### Exercise brief
Would you please repeat exactly the entries below, starting at the line with "紫慕璃 轻奢简约小众设计冰润蓝水 糯冰 翡翠耳钉 女款" and ending at the line with "Марка. Литера Г.", and nothing outside that range? Leave out the pictures.

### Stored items

::::::::::

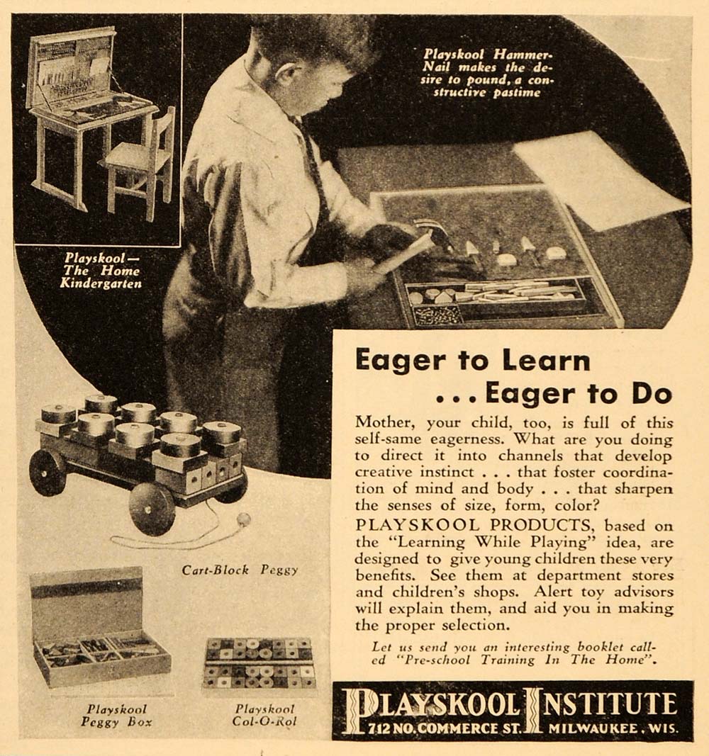 This is an original 1931 black and white print ad for Playskool educational toys including the Playskool Home Kindergarten; Playskool Hammer-Nail; Cart-Block Peggy; Playskool Peggy Box; and the Playskool Col-O-Rol, from the Playskool Institute, 712 No. Commerce St., Milwaukee, WI.
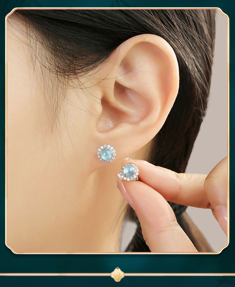 紫慕璃 轻奢简约小众设计冰润蓝水 糯冰 翡翠耳钉 女款
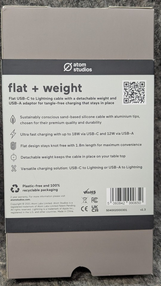 Atom Studios USB-C/A to 8 Pin 1.8m Cable Weighted
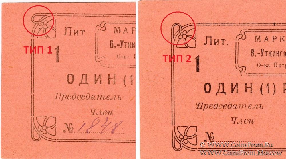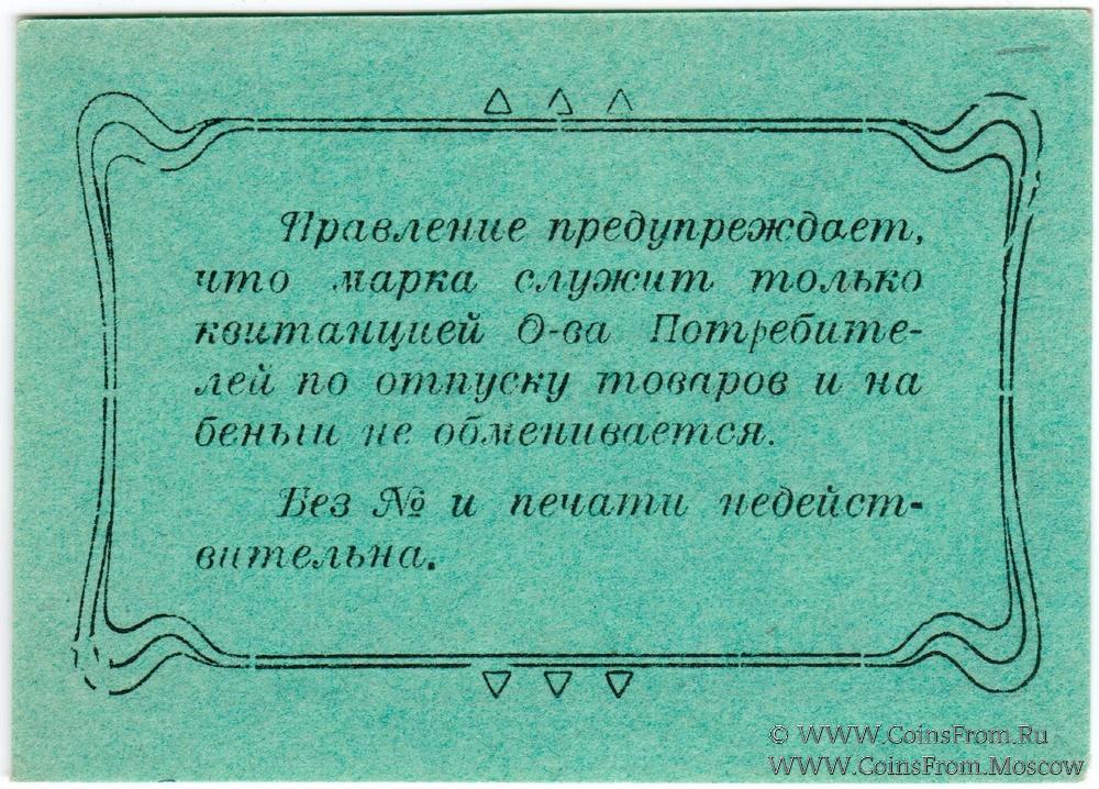 Марка. Литера Г. Бланк. Без номера. Рамка 1 типа. БРАК: ошибка в тексте на реверсе: "беньги". Висимо-Уткинское Общество потребителей.
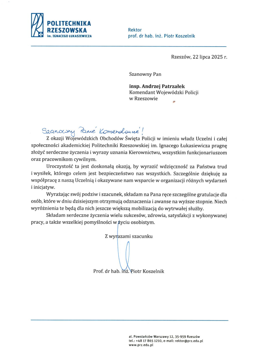 Podziękowania i życzenia od Rektora Politechniki Rzeszowskiej
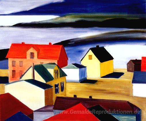 Wir bieten Ihnen eine handgefertigte Reproduktion auf Leinwand des berühmten Kunstwerks 'Isländischen Dorf' von Louisa Matthiasdottir, aus dem Reproduktionsmuseum.
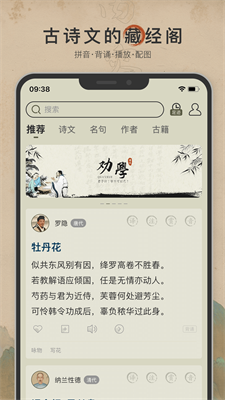 1、作者:对古诗文作者进行了整理和罗列,供用户学习认识。
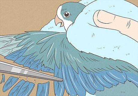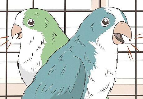 Protect your bird. Because of their mischievous and sometimes reckless nature, you need to take steps to protect your quaker from itself, not just people and other pets. The practice of wing-clipping is controversial. Clipping makes escape less likely and reduces the risk of injury by flying into objects. See How to Clip a Parrot’s Wings or visit your vet for more information. However, the bird's ability to fly is curtailed. This means he gets less exercise and is more likely to feel frustrated. In addition, many birds try to fly but crash land and damage their brisket. These injuries can be quite severe and the thinking is now that wing-clipping is outdated. Instead, adequate training (such as clicker training) is preferred, to control the bird during out of cage time. Some Quakers are fearless (or perhaps foolish) enough to go after cats or dogs, which can result in severe injuries or worse, so take care if you have other pets in the house. The only way to know how they will interact is to let it happen, but be prepared to keep Quakers separated from other pets if necessary. The same goes for other birds as well. Some Quakers thrive with an additional “partner in crime,” others not so much. Exposure at a young age is probably the best bet for success. Exposing your quaker to other people early on is also the best way to keep it from becoming a “one-person bird” who only interacts well with you. It is a two-way street, though, and you may have to instruct people (especially children) how to act around your parrot.
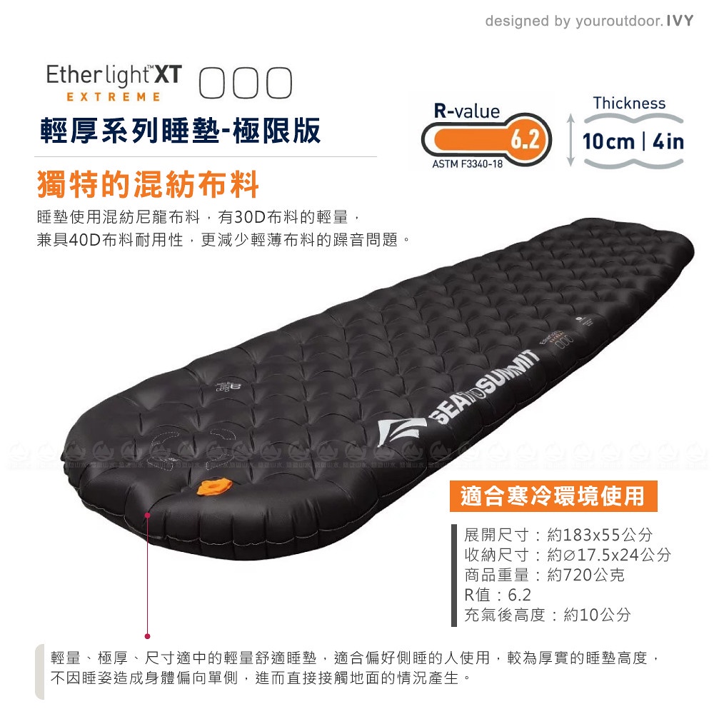 【Sea to Summit 澳洲 輕厚系列睡墊-極限版 R(充氣袋,維修貼,枕貼)《黑》】STSAMELXTEXM

::::::::::

### Exercise response
 紫慕璃 轻奢简约小众设计冰润蓝水 糯冰 翡翠耳钉 女款
 Atom Studios USB-C/A to 8 Pin 1.8m Cable Weighted
 Марка. Литера Г. Бланк. Без номера. Рамка 1 типа. БРАК: ошибка в тексте на реверсе: "беньги". Висимо-Уткинское Общество потребителей.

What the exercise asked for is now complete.